I slam my mouth shut.
His brows pinch together. I think he might feel bad, but before I can get a good read on him, a chair scrapes away from the table and Dante hurls himself down the hall.
"Daddy!"
For the first time since he walked through the door, Mikhail smiles. It's tight and dimmed, but he ruffles Dante's hair. "How's it going, kid?"
"Can you read to me tonight?" Dante asks, ignoring the question. "I want you to put me to bed."
Mikhail glances at his watch. That's all he has to do for me to know he's going right back to work. He didn't plan on us being right here. He was going to slip inside, do what he needed to do, and leave again.
"I'll put you to bed, buddy," I offer, trying to let Mikhail off the hook. "It's my favorite part of the day."
I wink at him, but Dante frowns and tugs on Mikhail's pant leg. "Pleeeease. You let me sleep with four stuffies and Mama only lets me have three."

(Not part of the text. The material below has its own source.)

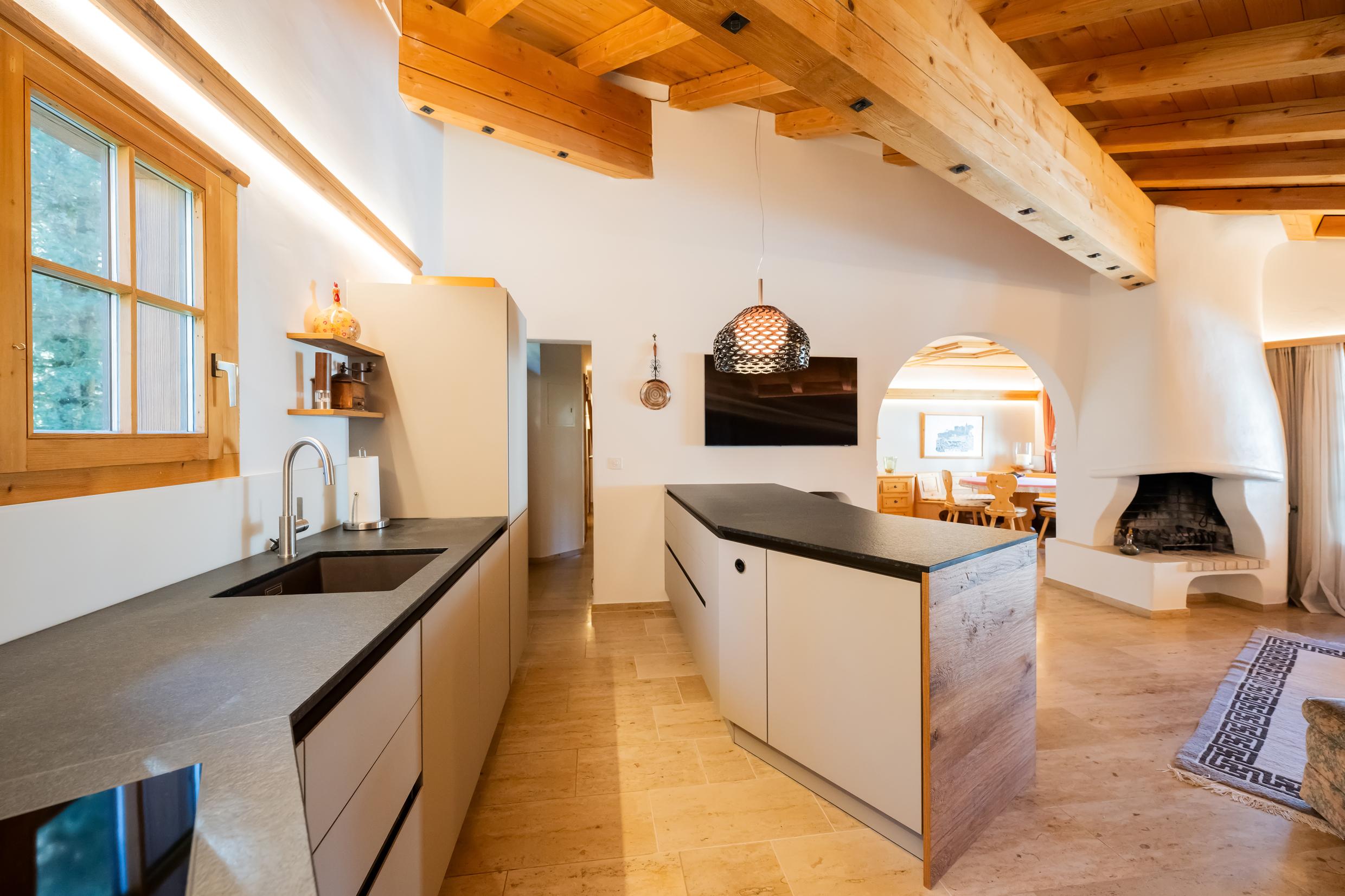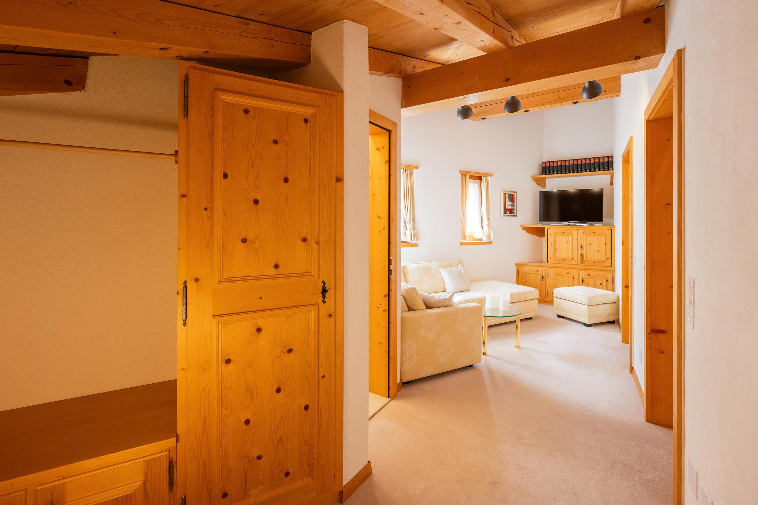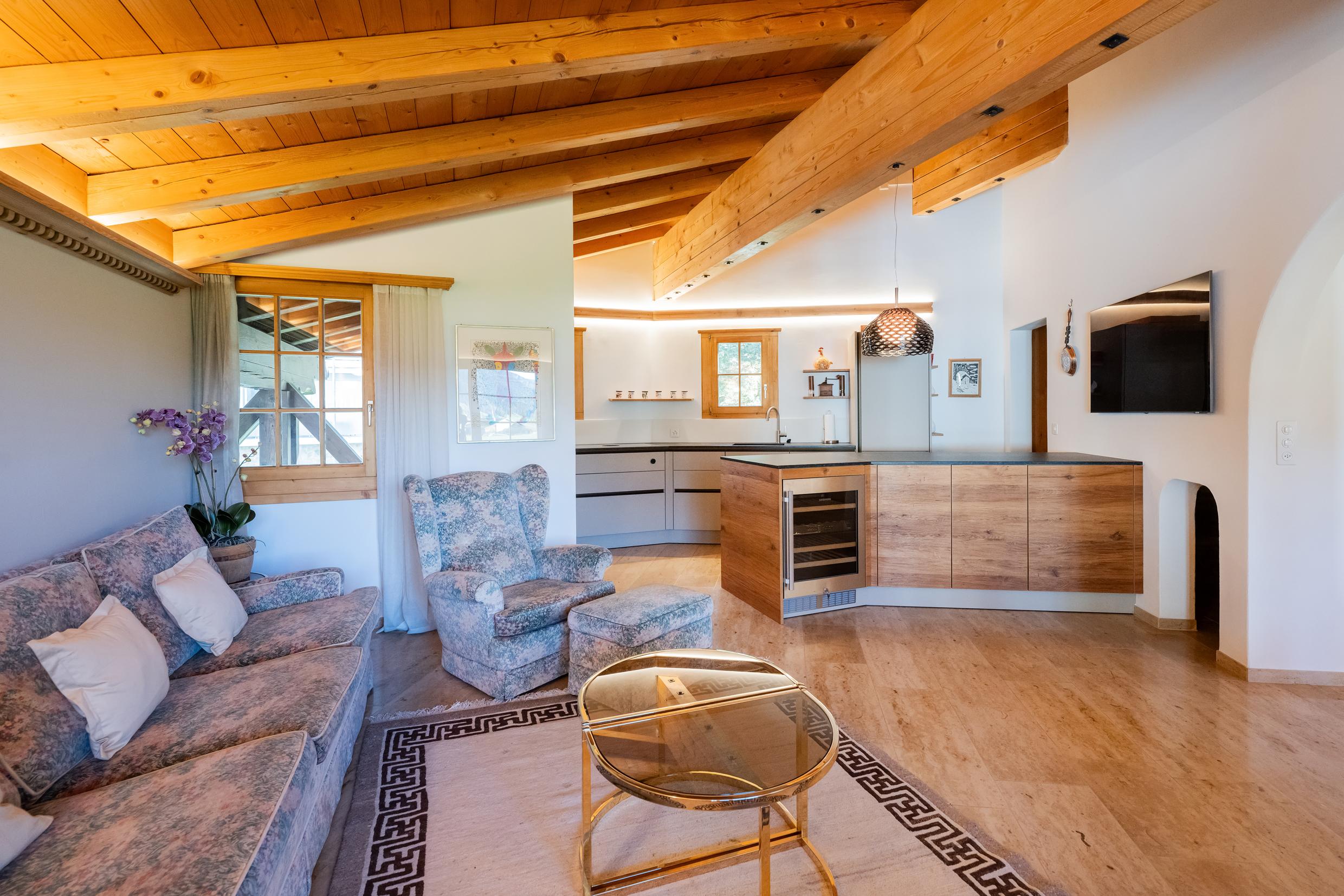 Appartement de 6 ½ pièces sur 2 étages au premier étage d'une maison de 3 familles ; idéal pour max. 7 personnes (env. 230m²) ; 2 places de parking dans un abri ; situation calme au milieu de la zone de détente Bünda (piste de ski de fond, téléski Bünda, chemin de randonnée d'hiver) accessible en quelques pas, idéal pour les familles ; 3 magnifiques balcons avec meubles de balcon ; 1 étage OG : nouvelle cuisine ouverte spacieuse (2023) avec cuisinière vitrocéramique (induction), hotte aspirante Bora, tous les appareils de cuisine nécessaires, lave-vaisselle, four, steamer Komi, réfrigérateur avec compartiment congélateur, bouilloire électrique, grille-pain, machine à café Nespresso ; Salon avec cheminée, TV, réfrigérateur à vin, coin salon spacieux avec canapé et fauteuils, salle à manger confortable avec banquette ; 2 chambres à coucher avec chacune 1 lit double (2 matelas) ; douche moderne avec WC et lavabo (2022) ; salle de bain avec WC, lavabo, baignoire ; 2ème étage avec ascenseur. Etage : séjour avec canapé, TV, WiFi, 1 chambre à coucher avec 1 lit double (2 matelas), 1 chambre à coucher avec 1 lit français ; salle de bain/WC ; 1 chambre à coucher avec 1 salle de bain/WC ; duvent nordique, linge de lit et de toilette, linges de cuisine ; appartement non-fumeur ; animaux domestiques ne sont pas autorisés !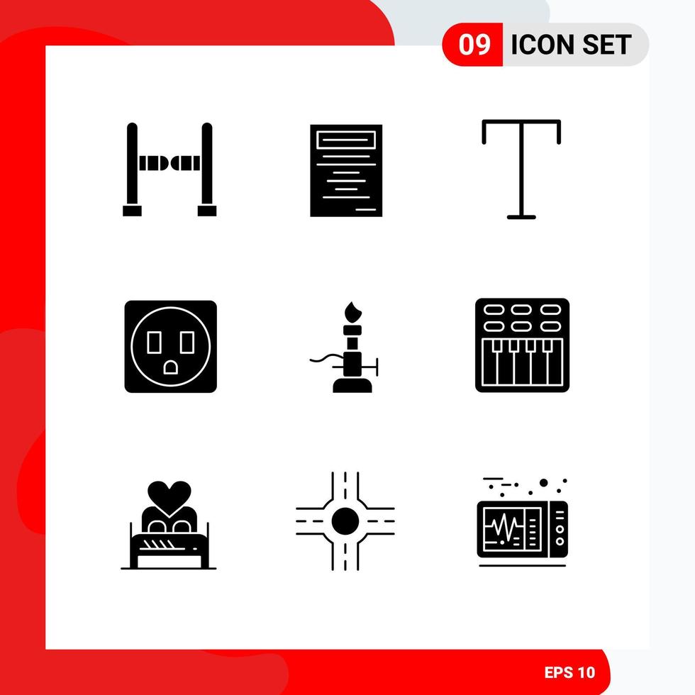 paquete de línea de vector editable de 9 glifos sólidos simples de elementos de diseño de vector editable de laboratorio de ciencia de estilo antorcha de película

Mikhail looks at me. The longer he stays, the more likely it is that I blurt out the news. I sigh. "You can have as many as you want tonight, okay? Just let me do it and?—"
"I want Daddy!" he snaps.
Don't we fucking all?!
I take a deep breath, ready to tell Dante that we don't always get what we want. Life is hard. The sooner you learn that, the sooner it can beat you down.
Thankfully, Mikhail interrupts me. "I have time to put you to bed. I'll shower while you eat and we'll meet in your room."
Dante does an actual happy dance back to the table to finish dinner. I can't even blame him; I'd do a happy dance if I could get away from me, too.
By the time I turn back to the stairs, Mikhail is gone.